The case study on We Can, a mass-based campaign to end violence against women in South Asia, shows how it is possible to side-step irresolvable debates about whether or not Religion X or Culture Y is “backward” or supports women’s rights. Instead, We Can has found that the vital task of changing attitudes can be advanced by appealing to common aspirations—such as wanting domestic harmony. Indeed, there seems to be evidence of a slow return to a focus on the role of values in motivating positive development.
But this doesn’t mean religiously-justified violence and intolerance gets off lightly. In 2009–2010, the campaign developed a tool for encouraging Change Makers (the campaign’s supporter-activists) to question their own prejudices as a necessary condition for ending all forms of intolerance and violence in society, including violence against women (VAW). Feedback from initial testing showed that people can question and change their own prejudices—even in contexts where religious identities have produced violent divisions in society. Results from a more formal testing are expected later this year.
So if there are initiatives on the ground that are successfully negotiating the minefield of religion and development, why the continued ambivalence in policy?
Partly, it is that responses have often been very local, and the synergies across regions and religions may not always be immediately visible. Partly they are also by people who may not have the capacity to convey their analysis and experience to a global audience. They may not speak a global language or be able to present their thoughts in the linear, pseudo-scientific style that can characterise mainstream development writing. Their skills after all are working with people, not writing snappy papers or PowerPoints. They may be valued for implementing a programme in the field but dismissed as legitimate commentators by their own organisation’s policy-makers because they are presumed to be ‘Westernised’ or ‘unrepresentative of their culture’ since they uphold human rights. Above all, there is often a ‘cultural’ gap between the development professionals at HQ who need black and white answers ( while giving a nod to the niceties of multiculturalism) and the field staff - whether local or internationals - who are firmly rooted in the complexities of the local context yet aware that solutions don’t always have to be complicated. Partly, it is also that mainstream development organisations and development agencies are often afraid of the kinds of free-ranging internal and publicly aired discussions that learning from the ground would require.

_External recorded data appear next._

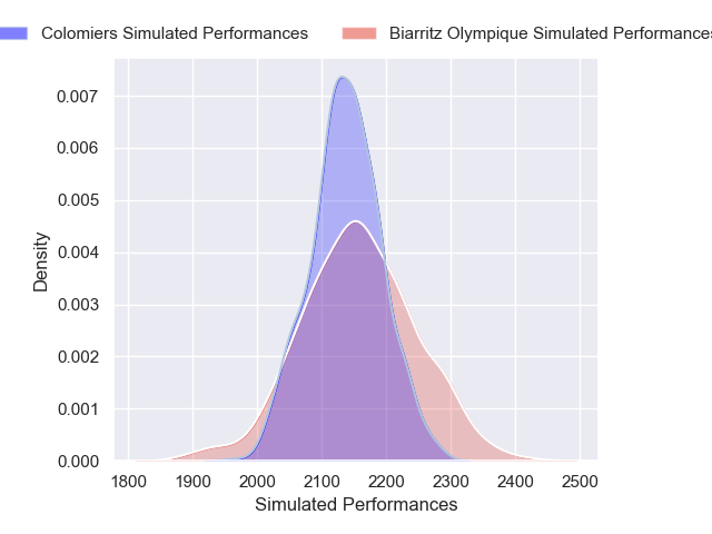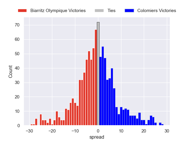 Each club has a rating and a rating deviation (similar to a Glicko rating), and expected performances can be generated. This allows for simulated matches and spreads like the ones below.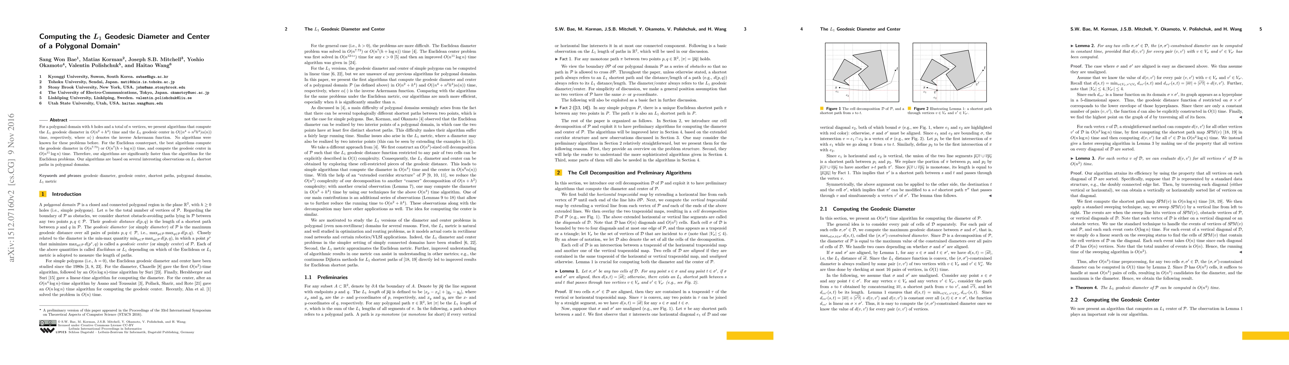 The paper presents algorithms to compute the L1 geodesic diameter and center of a polygonal domain in significantly faster times than previous Euclidean counterparts.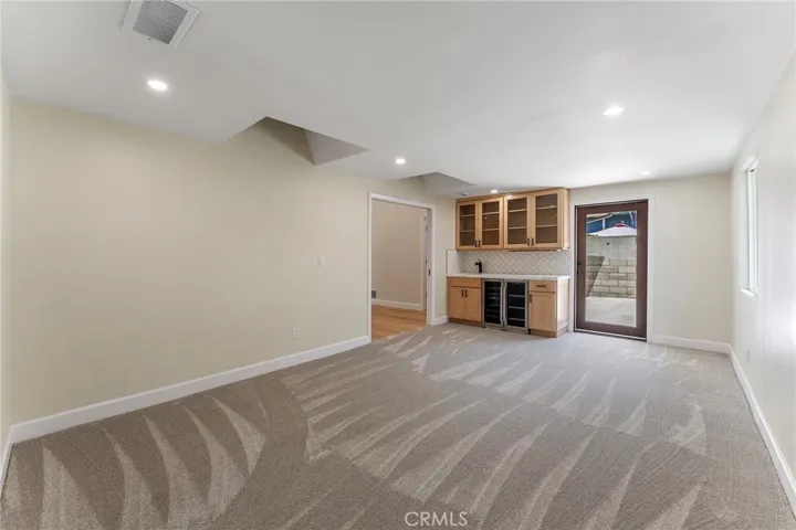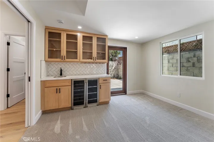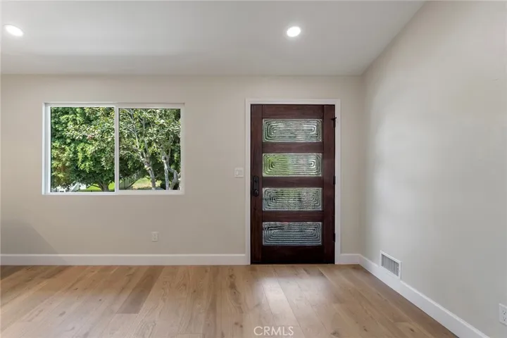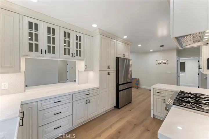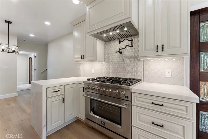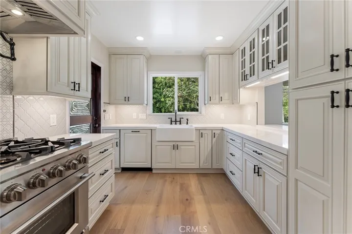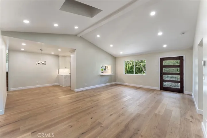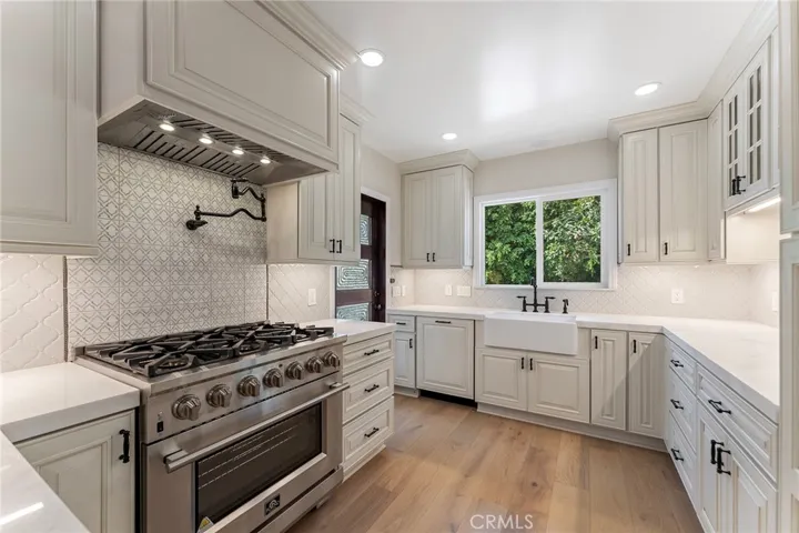 This extensively renovated Larchmont residence blends modern elegance with timeless charm, offering a lifestyle that’s uniquely Los Angeles. Behind the new mahogany front door, a light-filled living room welcomes you with soaring vaulted ceilings, recessed LED lighting, and white oak hardwood floors. The open flow leads seamlessly into a custom chef’s kitchen, featuring a stainless Forno Capriasca 36″ 6-burner range, custom range hood, quartz waterfall countertops, LED cabinet lighting, farmhouse sink, Bosch panel-ready dishwasher, stainless counter-depth French 4-door refrigerator, decorative tile backsplash, all-new cabinetry with crown molding, and a walk-in pantry.

The Oxfam GB discussion document Avoiding some deadly sins is one example of an attempt to share a process of collective internal thinking that began in 2004 and to close this gap between policy and practice on religion, rights and development. As we know, most development agencies and non-governmental organisations have in their time commissioned papers that highlight institutional best practice. But that’s just the first hurdle. The real question is how to get action on their conclusions - especially when it comes to anything to do with religion. Listening more closely to experience from the field would be a good place to start.